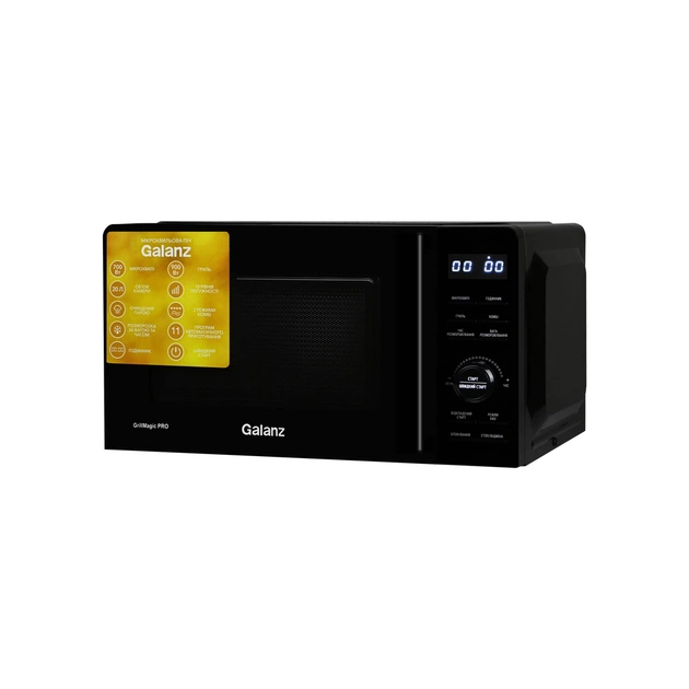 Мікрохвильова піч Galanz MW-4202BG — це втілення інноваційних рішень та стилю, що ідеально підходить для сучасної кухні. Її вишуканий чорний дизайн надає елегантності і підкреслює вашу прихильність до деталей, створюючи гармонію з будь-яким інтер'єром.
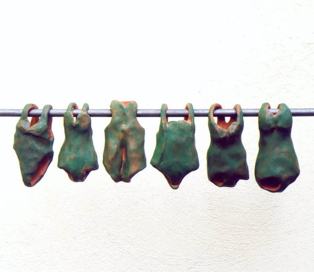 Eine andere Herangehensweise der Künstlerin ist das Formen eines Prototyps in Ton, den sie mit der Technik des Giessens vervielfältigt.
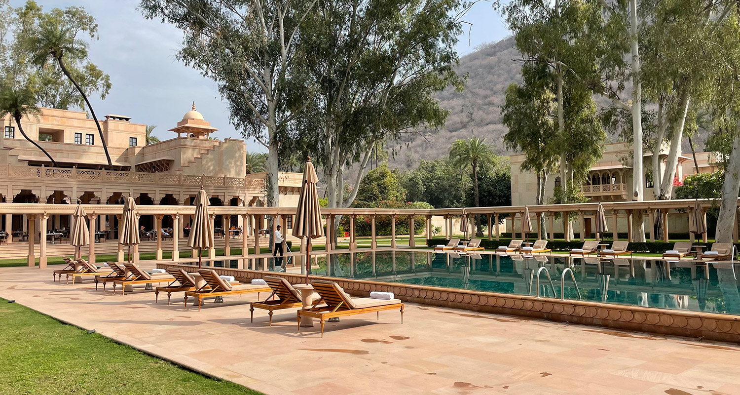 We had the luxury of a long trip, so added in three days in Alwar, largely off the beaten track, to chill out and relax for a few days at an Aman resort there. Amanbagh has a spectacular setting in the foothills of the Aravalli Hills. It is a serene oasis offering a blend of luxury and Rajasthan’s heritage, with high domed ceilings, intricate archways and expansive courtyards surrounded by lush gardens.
· · · · ·
→ WHAT IS NEEDED
Pictures aside, print every line of the material exactly.

→ SOLVED EXERCISE
 Мікрохвильова піч Galanz MW-4202BG — це втілення інноваційних рішень та стилю, що ідеально підходить для сучасної кухні. Її вишуканий чорний дизайн надає елегантності і підкреслює вашу прихильність до деталей, створюючи гармонію з будь-яким інтер'єром.
 Eine andere Herangehensweise der Künstlerin ist das Formen eines Prototyps in Ton, den sie mit der Technik des Giessens vervielfältigt.
 We had the luxury of a long trip, so added in three days in Alwar, largely off the beaten track, to chill out and relax for a few days at an Aman resort there. Amanbagh has a spectacular setting in the foothills of the Aravalli Hills. It is a serene oasis offering a blend of luxury and Rajasthan’s heritage, with high domed ceilings, intricate archways and expansive courtyards surrounded by lush gardens.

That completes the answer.